Dataset items
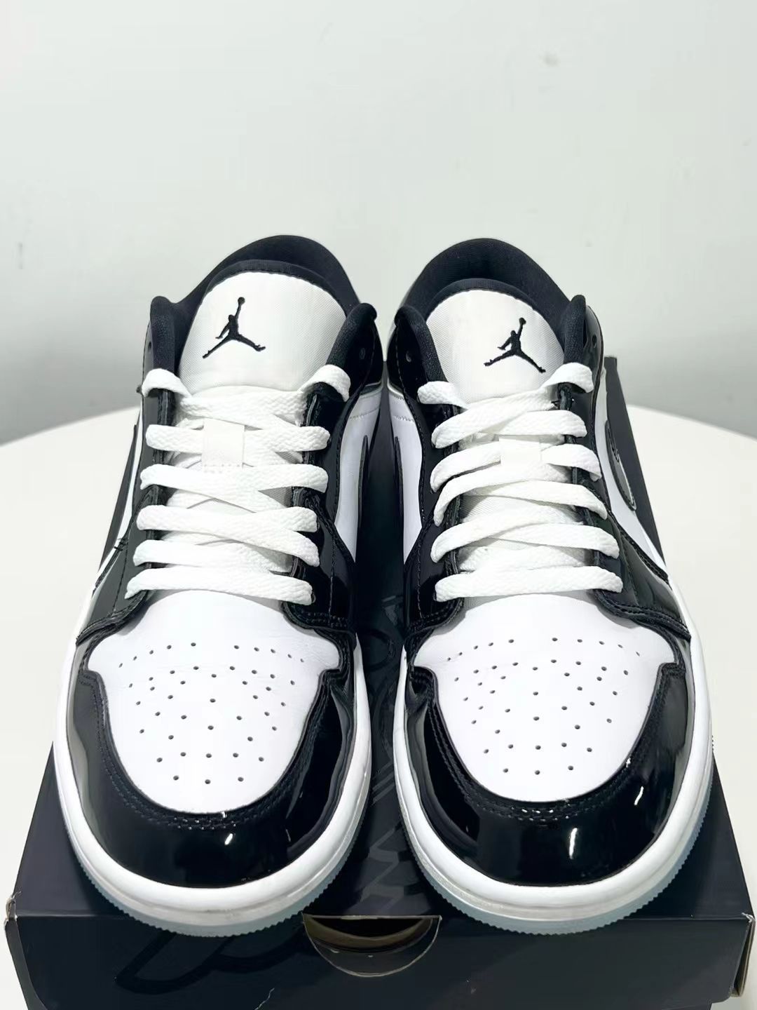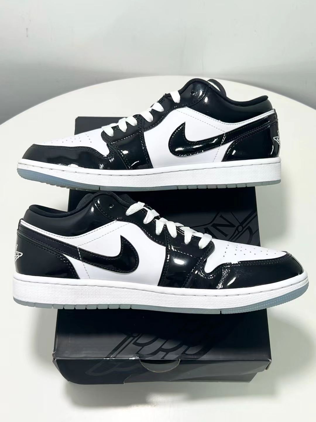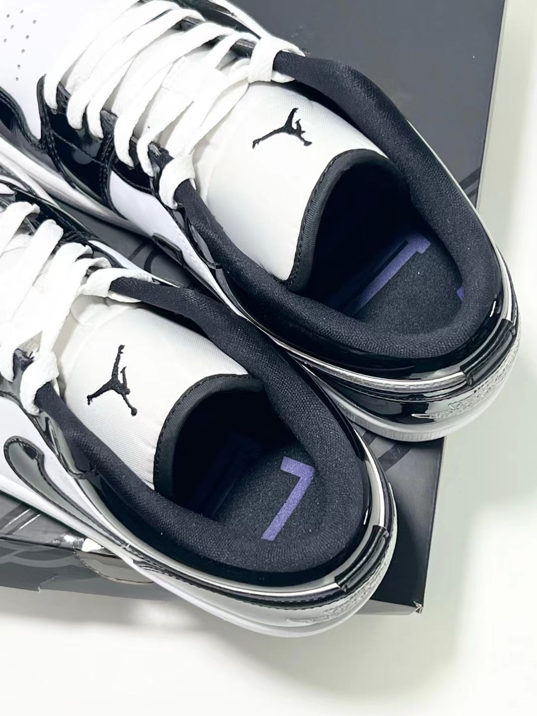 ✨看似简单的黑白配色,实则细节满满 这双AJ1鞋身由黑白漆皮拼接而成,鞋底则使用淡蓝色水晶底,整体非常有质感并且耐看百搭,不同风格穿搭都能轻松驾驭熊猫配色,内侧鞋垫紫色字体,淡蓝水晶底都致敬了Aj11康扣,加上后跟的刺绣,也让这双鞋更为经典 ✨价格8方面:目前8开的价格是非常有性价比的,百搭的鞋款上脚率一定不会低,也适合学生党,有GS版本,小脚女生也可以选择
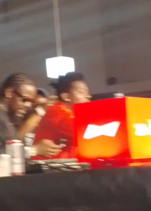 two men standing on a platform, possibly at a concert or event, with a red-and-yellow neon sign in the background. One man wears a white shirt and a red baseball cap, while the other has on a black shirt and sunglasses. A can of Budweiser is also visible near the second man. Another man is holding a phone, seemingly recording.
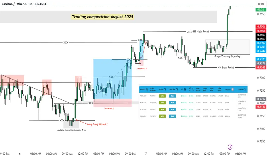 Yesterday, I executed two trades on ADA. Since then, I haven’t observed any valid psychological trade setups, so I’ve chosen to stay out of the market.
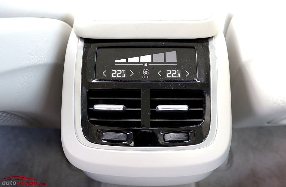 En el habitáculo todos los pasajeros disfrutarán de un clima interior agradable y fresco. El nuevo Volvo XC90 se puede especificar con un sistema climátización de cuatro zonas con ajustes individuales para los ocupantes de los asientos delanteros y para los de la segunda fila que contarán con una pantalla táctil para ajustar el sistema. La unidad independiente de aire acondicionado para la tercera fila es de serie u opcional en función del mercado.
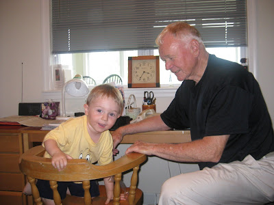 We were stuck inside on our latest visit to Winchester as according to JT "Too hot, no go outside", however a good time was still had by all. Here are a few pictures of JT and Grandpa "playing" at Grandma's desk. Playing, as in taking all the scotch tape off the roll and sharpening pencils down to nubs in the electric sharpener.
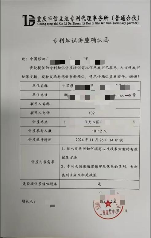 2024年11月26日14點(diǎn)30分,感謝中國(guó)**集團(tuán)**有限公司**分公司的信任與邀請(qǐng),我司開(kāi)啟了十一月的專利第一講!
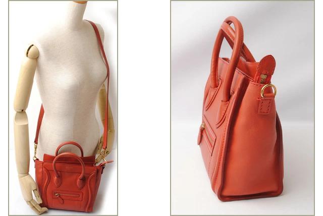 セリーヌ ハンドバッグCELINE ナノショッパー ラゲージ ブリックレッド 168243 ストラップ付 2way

- INSTRUCTIONS TO FOLLOW: Return exactly, with no pictures, each line from the one that contains "En el habitáculo" through the end of the entries above, both ends included.

- ANSWER BOX:
 En el habitáculo todos los pasajeros disfrutarán de un clima interior agradable y fresco. El nuevo Volvo XC90 se puede especificar con un sistema climátización de cuatro zonas con ajustes individuales para los ocupantes de los asientos delanteros y para los de la segunda fila que contarán con una pantalla táctil para ajustar el sistema. La unidad independiente de aire acondicionado para la tercera fila es de serie u opcional en función del mercado.
 We were stuck inside on our latest visit to Winchester as according to JT "Too hot, no go outside", however a good time was still had by all. Here are a few pictures of JT and Grandpa "playing" at Grandma's desk. Playing, as in taking all the scotch tape off the roll and sharpening pencils down to nubs in the electric sharpener.
 2024年11月26日14點(diǎn)30分,感謝中國(guó)**集團(tuán)**有限公司**分公司的信任與邀請(qǐng),我司開(kāi)啟了十一月的專利第一講!
 セリーヌ ハンドバッグCELINE ナノショッパー ラゲージ ブリックレッド 168243 ストラップ付 2way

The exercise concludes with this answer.